In a further preferred embodiment, the detection unit is connected to a first electrode electrically coupled with the droplet and to a second electrode electrically coupled with the fluid in the inlet channel. Further preferably, the detection unit is connected between the above-described first and second electrode.
In a further preferred embodiment, the electrical property determined by the detection unit is used for controlling operation of the fluid supply unit. For example, if fluidic contact between the droplet and the inlet port is established by continuously increasing the size of the droplet, supply of further fluid might be stopped as soon as the droplet has adhered to the microfluidic device's inlet port. For example, a metering device fluidically coupled with the fluid dispenser's orifice might be controlled in accordance with the electrical property determined by the detection unit.

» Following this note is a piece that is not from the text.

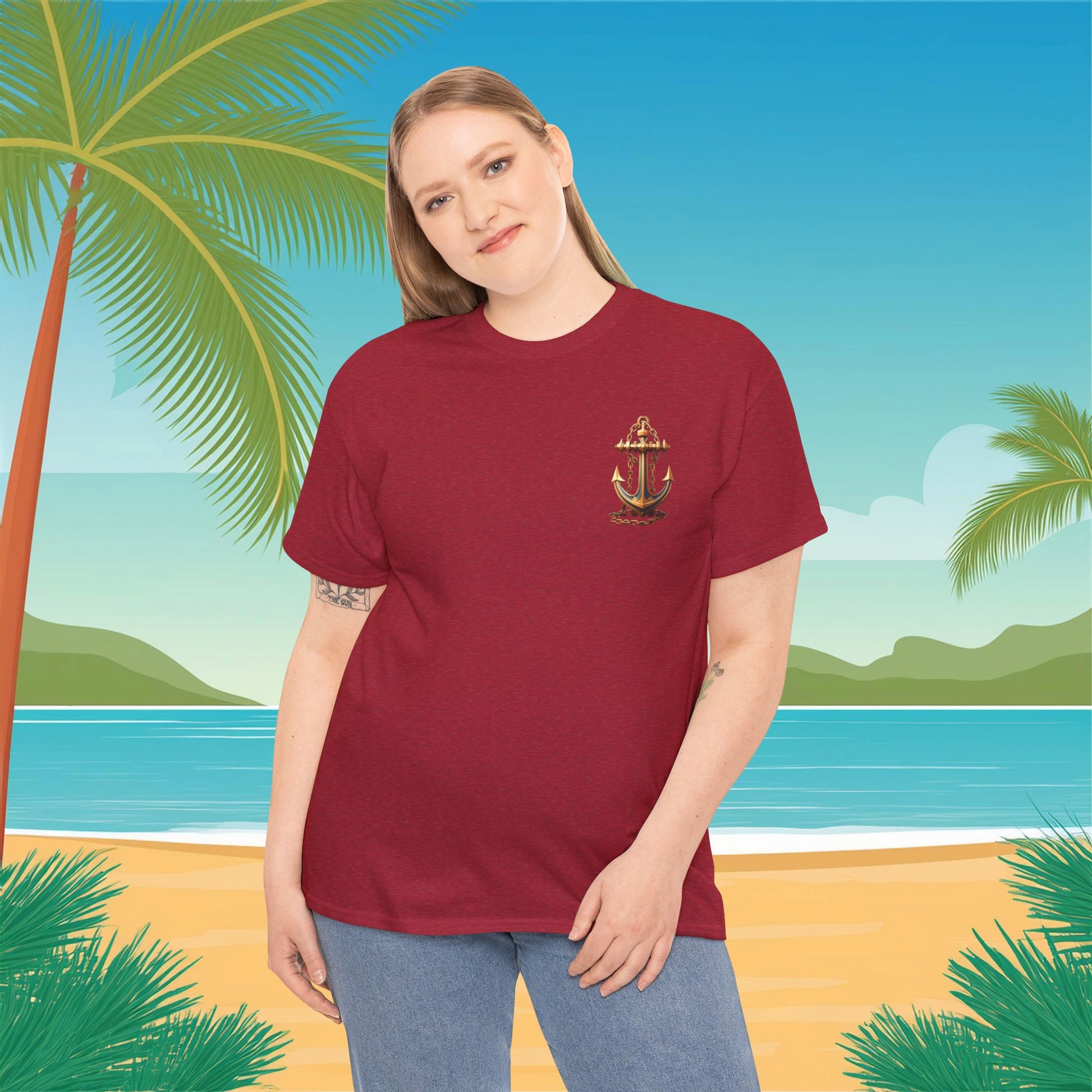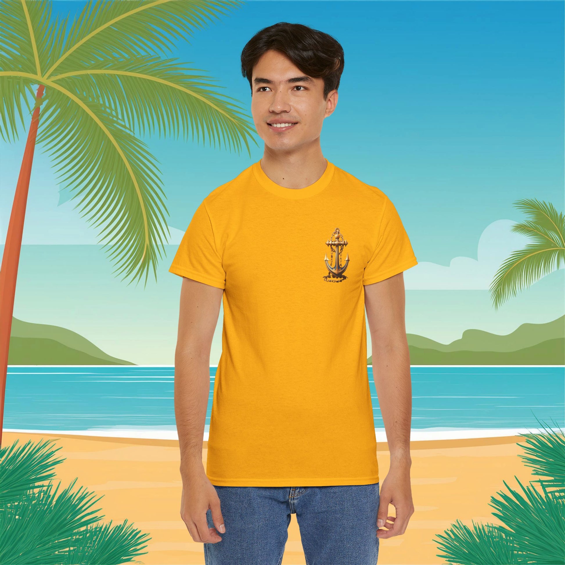 This nautical themed anchor heavy cotton tee is the basic staple of any wardrobe. It is the foundation upon which casual fashion grows. The specially spun fibers provide a smooth surface for premium printing vividity and sharpness. No side seams mean there are no itchy interruptions under the arms. The shoulders have tape for improved durability.
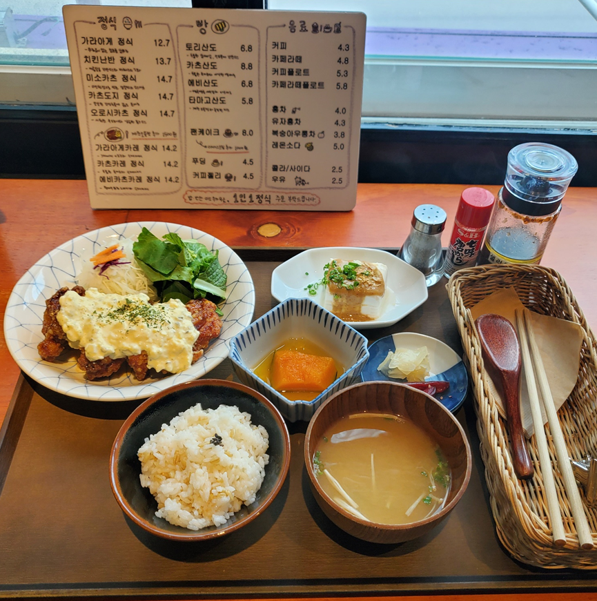그리고 저는 고민 끝에 치킨난반 정식을 주문했습니다. ㅎㅎ 밥, 반찬, 장국은 무료로 추가가 되더라고요!ㅎㅎ 산도 종류도 인기가 많더라고요! 많이들 드시고요! 저는 혼자라서 양이 많을 거 같아서 추가 주문은 하지 않았습니다.ㅠㅠ 다음에 동행인을 데려가 같이 먹어야겠어요!ㅠㅎㅎ

Alternatively, if fluidic contact between the droplet and the inlet port is established by moving the fluid dispenser in the direction towards the microfluidic device, the forward movement of the fluid dispenser might be stopped as soon as the droplet has touched the microfluidic device's inlet port. For example, in this embodiment, the positioning unit might be controlled in accordance with the electrical property determined by the detection unit.
According to a preferred embodiment, a metering device is fluidically connected to the fluid dispenser. The metering device is capable of precisely metering a volume of fluid. For example, by controlling the piston movement of the metering device, a well-defined volume of fluid may be supplied to the fluid dispenser. For example, the metering device might supply a volume of fluid required for forming a droplet of fluid at the fluid dispenser's orifice. In a preferred embodiment, the fluid supplied to the fluid dispenser is one of: a solvent, a fluid sample, a buffering solution.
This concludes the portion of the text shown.